Carrot Spaghetti with Mushroom Sauce

– 1 large or 2–3 smaller carrots
– One fresh brown Portobello mushroom or 6 to 8 ordinary mushrooms
– ½ cup natural cashews (soaked for 2 hours in cold water)
– Virgin olive oil
– Real Tamari gluten-free soy sauce
– Tzatziki spices
– Garlic
– Wild garlic
– Cayenne pepper or chili pepper
– Ground dried mushrooms
– Salt
– Raw agave nectar

First make the marinade for the mushrooms by putting 3 tablespoons of olive oil into a resealable plastic container with a little salt, tzatziki spices (or garlic or wild garlic), a teaspoon of Tamari, and a teaspoon of agave nectar and mix. Clean and slice the mushrooms and place them into the container with the marinade. Close the container and shake well, making sure the marinade comes into contact with all of the mushrooms. Marinate for 1–3 hours, best in the refrigerator.
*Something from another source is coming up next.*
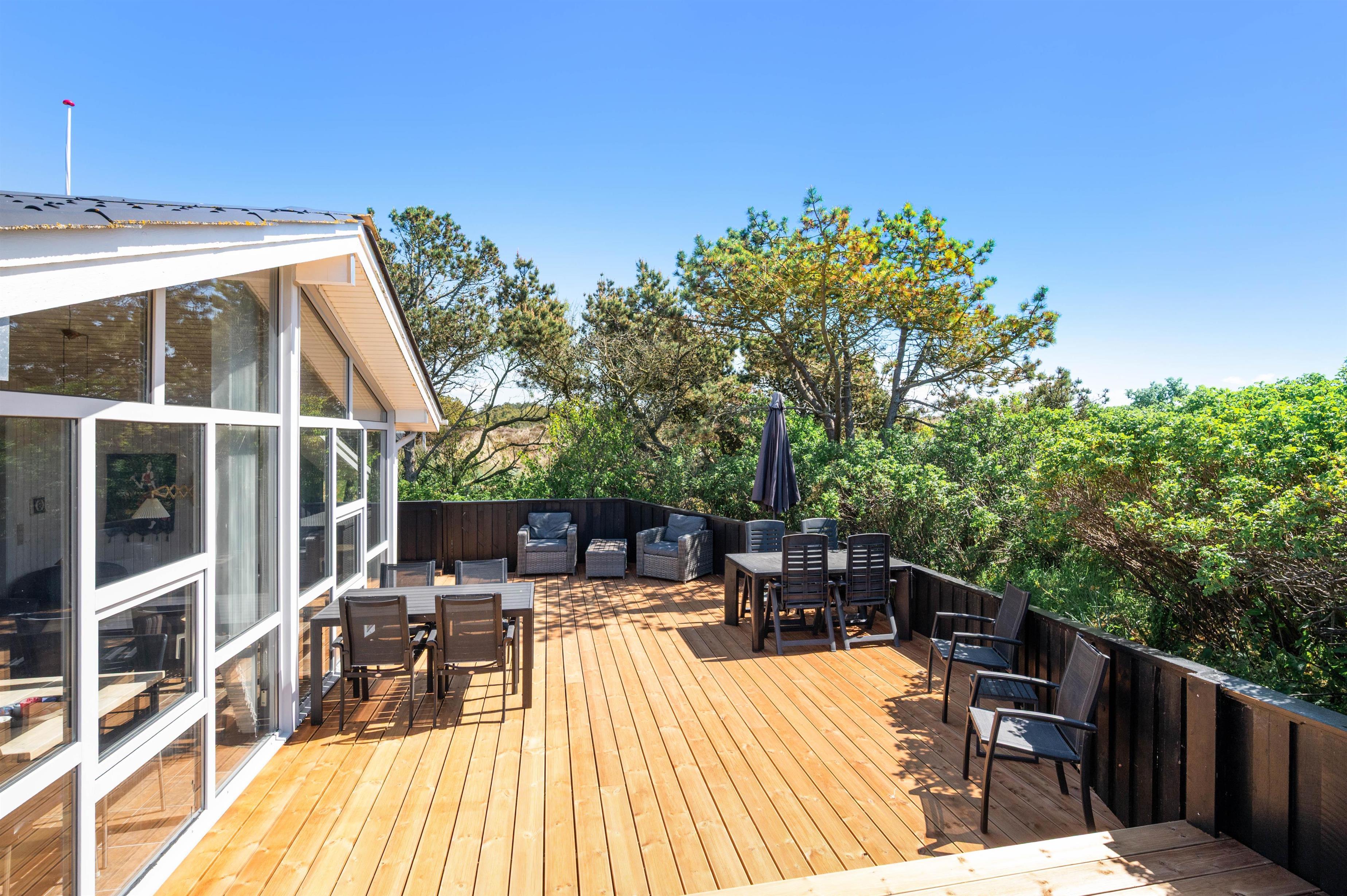 Beliggende på en 1400m2 natur- og klitgrund, er dette skønne sommerhus omgivet af smuk og fredfyldt natur, og vil I i den grad kunne slappe af og koble fra i rolige omgivelser. Her kan I nyde jeres morgenkaffe i de komfortable havemøbler på terrassen, imens I kan høre lyden af havets bølger, der rammer stranden. Hyggelige grillaftener kan nydes på den lukkede terrasse, mens I beundrer udsigten og solnedgangen over det naturskønne område i og omkring Henne Strand.

Once the mushrooms are well marinated, place them into a mixer, add the cashews and mix until creamy, adding a little lukewarm water if necessary. Taste, add salt if necessary, and in winter add a little cayenne pepper or chili pepper. If you have ground, dried mushrooms, add a teaspoon and mix well again. When the sauce is finished, put it into a deep bowl.

Now the spaghetti: Wash the carrots and make spaghetti out of them with a spiralizer (if you do not have a spiralizer, you can grate them or use a potato peeler to make wider noodles), then put them into the bowl with the sauce and stir. You can garnish the dish with fresh parsley or another favorite herb.